In the middle of the World Cup 2026, the name of Romain Molina – in Spanish often cited as Román Molina – once again lit up the networks. The French investigative journalist, specialized in international football scandals, returned to one of his most explosive investigations: an alleged scheme of diversion of funds and institutional cover-up that would involve the Argentine Football Association (AFA) and senior officials of FIFA. His video and media coverage such as TUDN and Periódico AM revived the interest just when Argentina was playing the quarterfinals on American soil.
The complaint: 42 million euros and a Miami company
In a video broadcast on his YouTube channel and collected by media such as AM Newspaper and TUDN, Molina maintains that more than 42 million euros of the approximately 300 million that the AFA would have received after winning Qatar 2022 were allegedly diverted through a network of shell companies registered in jurisdictions such as Wyoming, Delaware, Bariloche and the British Virgin Islands.
The focus of the report is a contract signed nine days before the final of the 2022 World Cup, through which the AFA would have transferred 30% of its World Cup commercial income to TourPro Enter LLC, a Miami-based firm created a few months before and, according to Molina, with no experience in football. Khelnow identifies the agents behind the agreement as Javier Horacio Faroni and Erica Gabriela Gillette, with an international commercial agent contract exclusive until the end of 2026.
«Messi's goals have served the interests of people who have nothing to do with football.»
The journalist claims that FIFA would have transferred part of those funds directly to TourPro Enter under instructions from managers, even though their audits would not have reflected the irregularities. He also denounces internal pressure—including the then legal director Emilio García Silvero—to avoid disciplinary sanctions against the Argentine federation.
Who is Romain Molina?
Born on May 3, 1991 in Lyon, Molina grew up in a family of maraichers (gardeners) in Isère and was self-taught in sports journalism, according to his profile on Wikipedia and CentroMx. He published his first investigation for CNN at the age of 21; Since then he has signed on The New York Times, The Guardian, BBC, Le Temps and France Football.
His history includes major scandals:
- Haiti (2020): co-author of the Guardian investigation into sexual abuse in the Haitian federation; Yves Jean-Bart was banned for life by FIFA.
- France (2020-2022): reports in the NYT on “toxic culture” in the FFF; in Josimar, “40 years of silence” on child abuse.
- Gabon and Africa: reports of abuse of minors in soccer academies.
- World Cup 2026: on Le Média (July 7, 2026) analyzed Donald Trump's intervention in the suspension of Folarin Balogun and questioned the independence of FIFA.
Molina has faced defamation lawsuits from French football figures – some filed, such as that of Christophe Galtier in 2025 – and defines himself more as a humanist than as an activist, according to interviews collected in his biography.

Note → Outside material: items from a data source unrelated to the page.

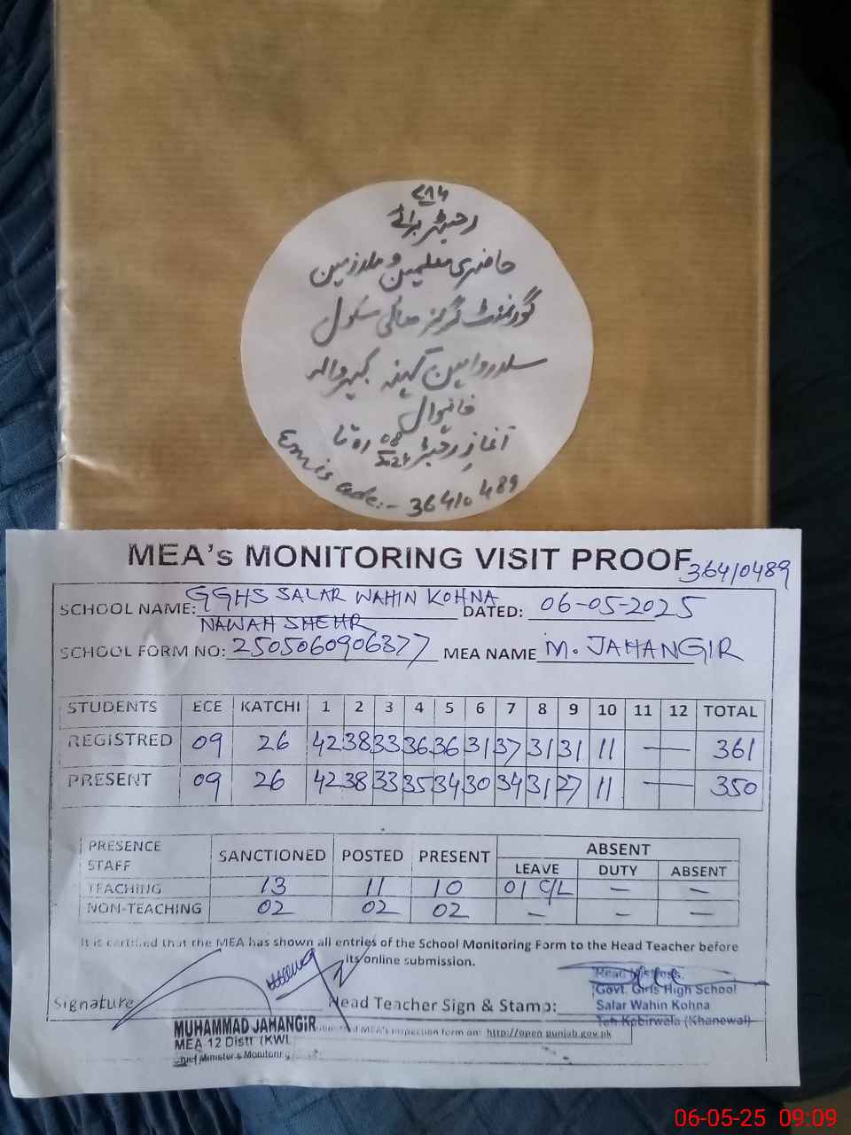 | EMIS Code: 36410489 | Name of School: GGHS SALAR WAHIN KOHNA NAWAN SHEHR | |||
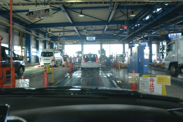 ドキドキしながら順番待ちをしていました。横に流れる電光掲示板の「ライトはロービームで検査します」の表示がいやがおうにも緊張感を高めます。
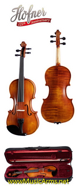 Hofner AS-260 Violin Size 4/4 ฮอฟเนอร์ ไวโอลิน -เป็นไวโอลินที่ด้านหน้าเป็นไม้สนแมนจูเรียนสปรูซแบบ Solid , ด้านหลังและด้านข้าง ไม้หิมาลายันเมเปิ้ล ลาย flamedผิวสีน้ำตาลทับทิม ฟิตติ้งไม้อีโบนีบริดจ์ไม้เมเปิ้ลสายโลหะขัดเงามาพร้อมคันชักไม้บราซิลวู้ดแปดเหลี่ยม ฟร็อกไม้อีโบนี, ยางสน,และกล่องใส่ทรงสี่เหลี่ยมผืนผ้า
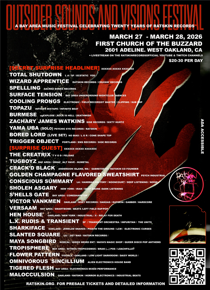 Ratskin Records Outsider Sounds and Visions Festival - 20 Years of Ratskin Records Fri, Mar 27 @ 7:00PM — Sat, Mar 28 @ 11:45PM (PDT, UTC-07) First Church Of The Buzzard, 2601 26th St., Oakland
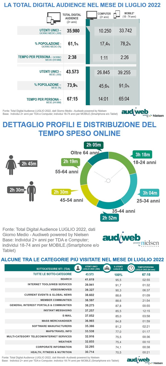 Audiweb, a Luglio 2022 online 43,6 milioni di individui dai 2 anni in su, complessivamente per 67 ore
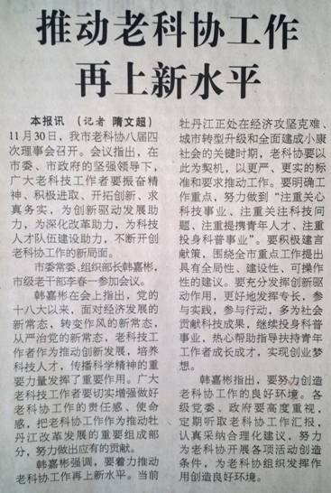 日在头版报道我市老科协召开八届四次理事会消息,题目为“推动老科协工作再上新水平”。同日在牡丹江政府网站转载。
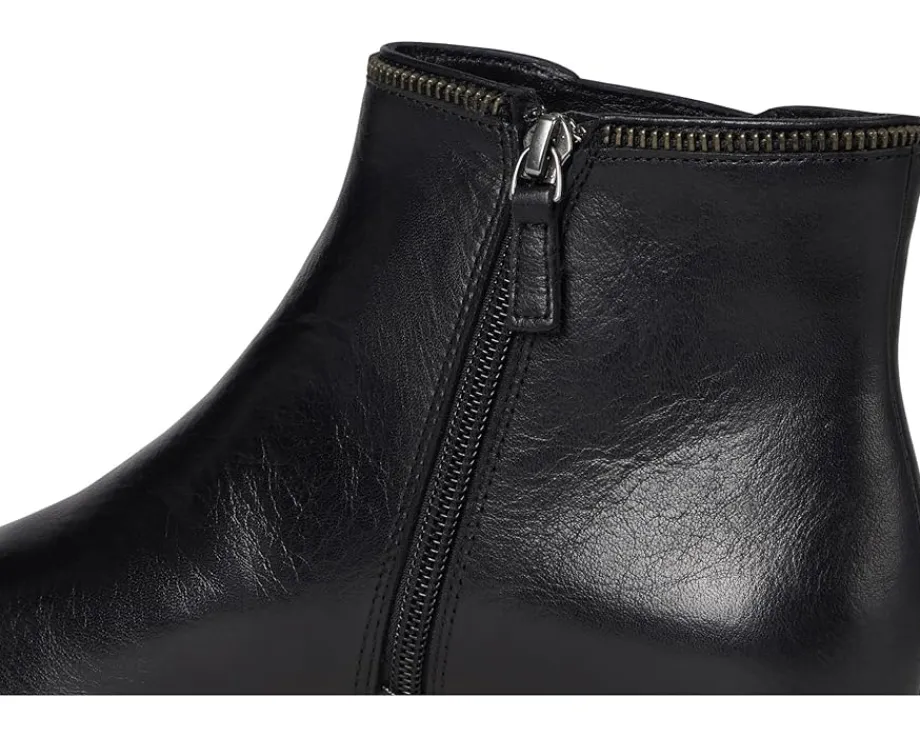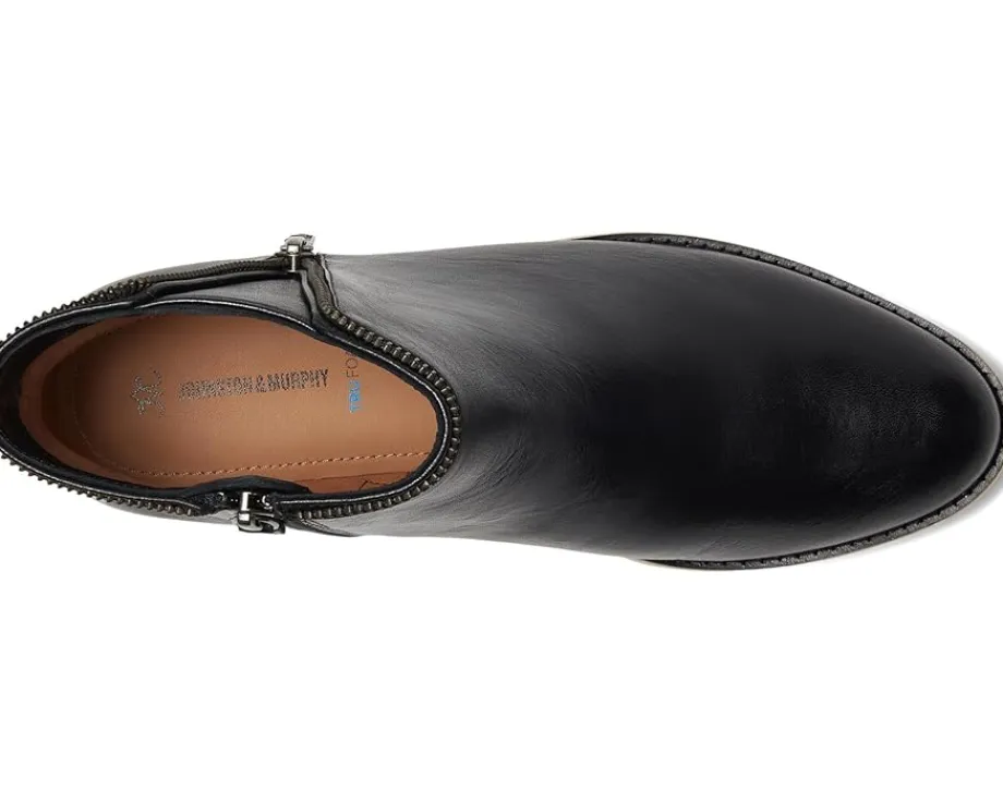 - Charm meets elegance with this Johnston & Murphy® Mitzi Zipper Bootie featuring a low-top profile and soft almond toe silhouette. The footwear has suede upper construction with skeletal leather and microfiber lining, and cushioned, leather-covered footbed for all-day comfort.
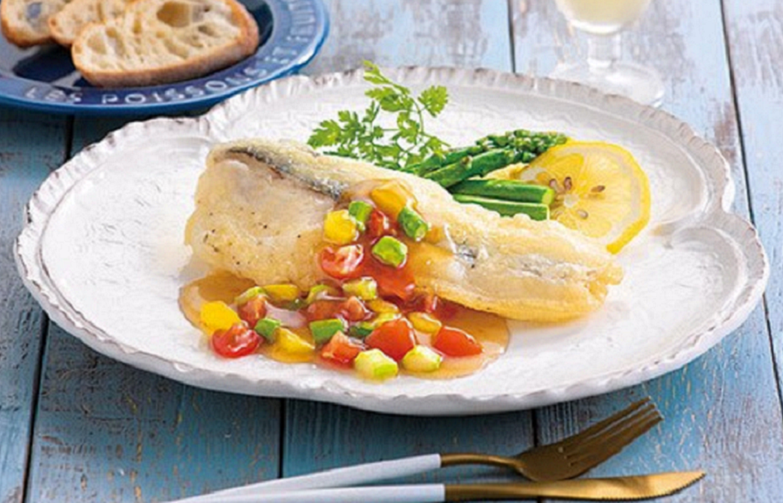 #フリット#カンタン酢#アスパラ#春野菜#パプリカ#白身魚#たら#トマト
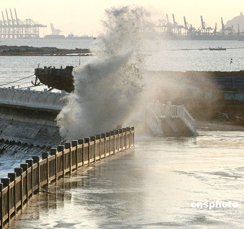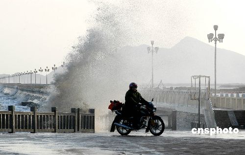 1月14日,江蘇連云港受北方冷空氣影響,海上出現(xiàn)7至8級偏北大風(fēng),沿海海邊出現(xiàn)巨浪,洶涌的海浪與岸邊的礁石相撞擊,卷起層層雪一樣的浪花,海邊港灣不時(shí)可見大風(fēng)掀起10米多高的巨浪。 中新社發(fā) 王春 攝
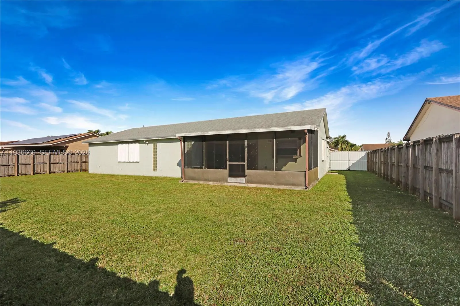 Spacious 4-bedroom, 2-bathroom home featuring tile flooring throughout and a large primary bedroom with a private en-suite bath. This great property is equipped with hurricane shutters and a 5 year old roof, offering peace of mind. Enjoy outdoor living with a spacious screened-in patio overlooking a fully fenced yard- ideal for entertaining, pets or relaxing in privacy. NO HOA, providing flexibility for homeowners or investors. Conveniently located near schools, shopping, and major roadways, this home presents a great opportunity.
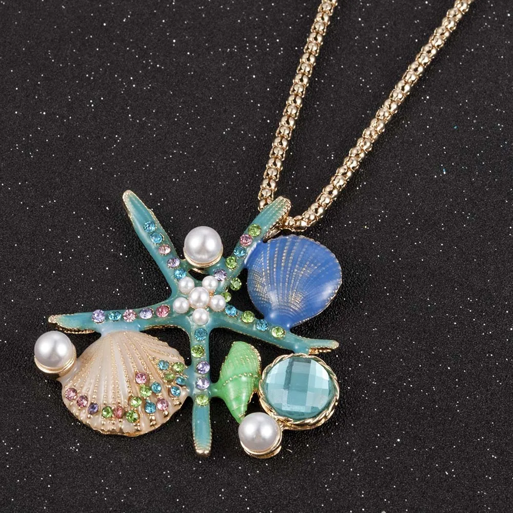 Accessories White Pearl Blue Enamel Crystal Shell Conch Starfish Pendant Long Necklace for Women
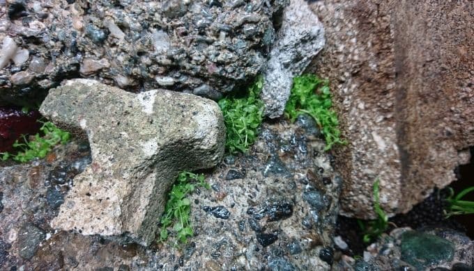 コブラグラスは手前側の小さなコンクリ片の周りに点在するように植えて、グリーンとコンクリのコントラストを出す狙いです。
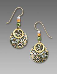 ADAJIO EARRINGS - SOFT OLIVE AND APRICOT RETRO FLORAL DISC WITH GOLD PLATED CIRCLE listed in:
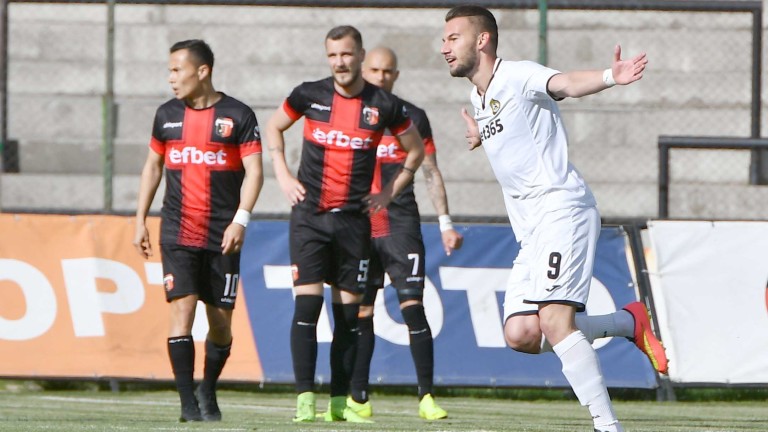 Все пак "железничарите" успяха да изравнят в 35-ата минута. Димитър Илиев беше изведен централно и прехвърли излизащия и лягащ Георги Петков. Велковски покри засада след лошо позициониране.
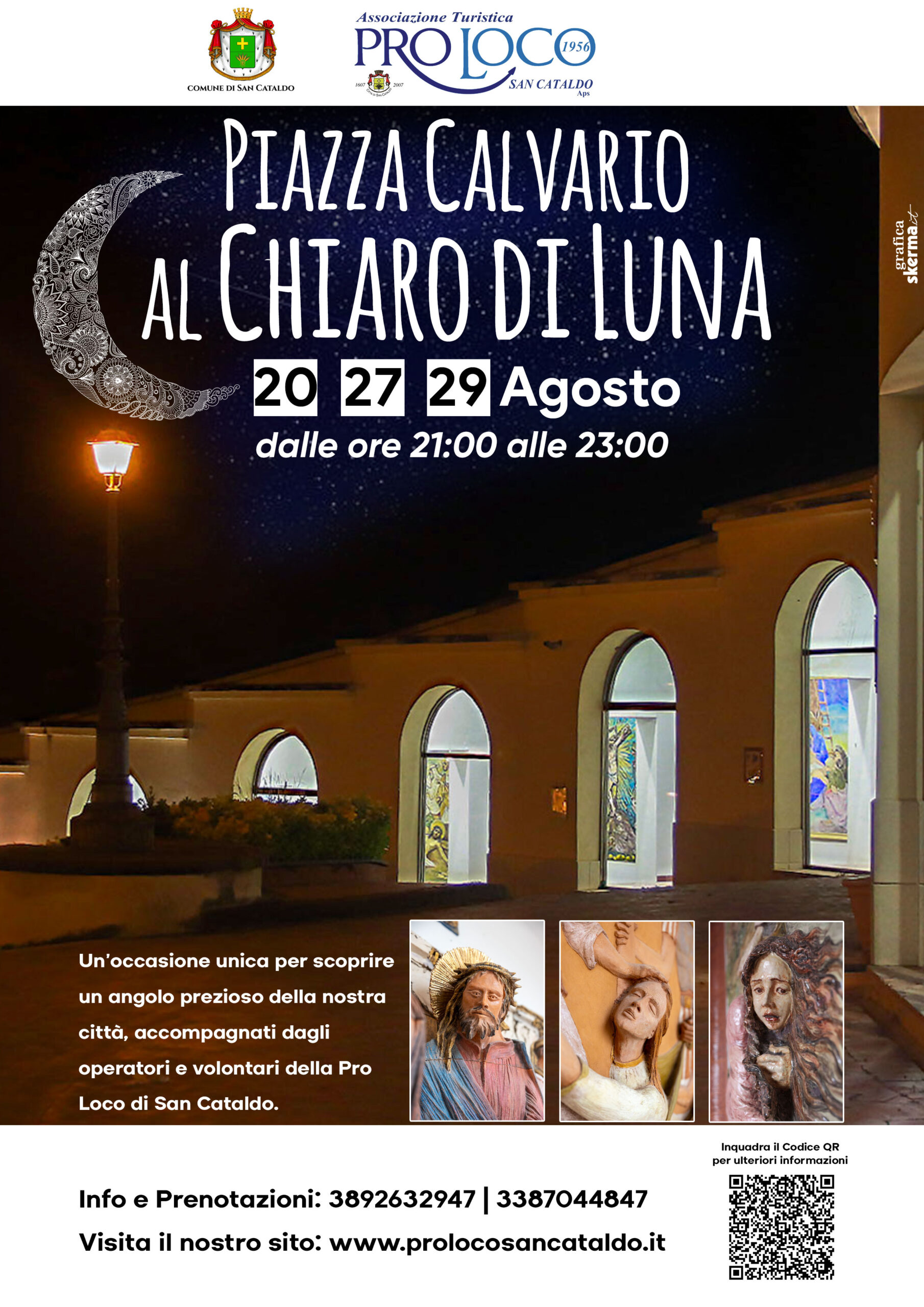 [fbl_login_button redirect="" hide_if_logged="" size="large" type="continue_with" show_face="true"]Piazza Calvario di notte. Le cappelle di Piazza Calvario con le sue ceramiche saranno aperte al pubblico nei giorni 20 27 e 29 agosto dalle ore 21.00 alle ore 23:00. La visita sarà accompagnata da operatori e volontari della Pro Loco di San Cataldo. Diversamente basta prenotare la visita telefonando alla Pro Loco, ai nn 3892632947 o al n. 3387044847.
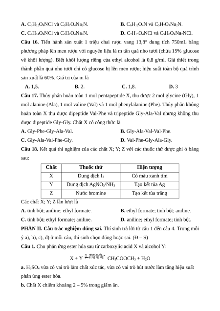câu 18. Mỗi câu hỏi thí sinh chỉ chọn một phương án.

Video: «La mafia du foot argentin» — official channel of Romain Molina
The French journalist exposes part of the investigation into the AFA and operations abroad on his YouTube channel. Source: YouTube / Romain Molina
The intersection with the FBI: two fronts, the same financial labyrinth
Molina's accusations do not occur in a vacuum. According to La Nación, the FBI and prosecutors Federal authorities of the United States maintain a preliminary investigation into financial operations of the AFA in North American territory for some 300 million dollars channeled through TourProdEnter LLC and banks such as Citibank, Bank of America and JPMorgan. MARGENEZ collected the detail in our coverage of the FBI-AFA case.
So far, the AFA has not issued an official position on Molina's allegations. The journalist's statements remain in the realm of journalistic investigation: there are no formal charges or judicial ruling linked to this specific report. But the temporal coincidence – World Cup in the US, active federal investigation and viral video – explains why any Argentine match is read today under the magnifying glass of previous financial scandals.
Why it matters now
Molina is not an anonymous tweeter: he is an investigator with a verifiable history of abuses, corruption and federal mismanagement. His work on the AFA mixes contractual documentation, testimonies and tracking of offshore companies — the same methodology he used to demolish domes in Haiti or expose the FFF. If the US authorities advance in parallel, the French journalist will have fulfilled his function: putting on the table what the official audiences did not show.
Meanwhile, the summaries on social networks amplify an uncomfortable message: that Messi's triumph in Qatar 2022 could have financed, according to this hypothesis, interests outside of sport. The judicial truth, if it arrives, will take time. The controversy, however, is already in the semifinals.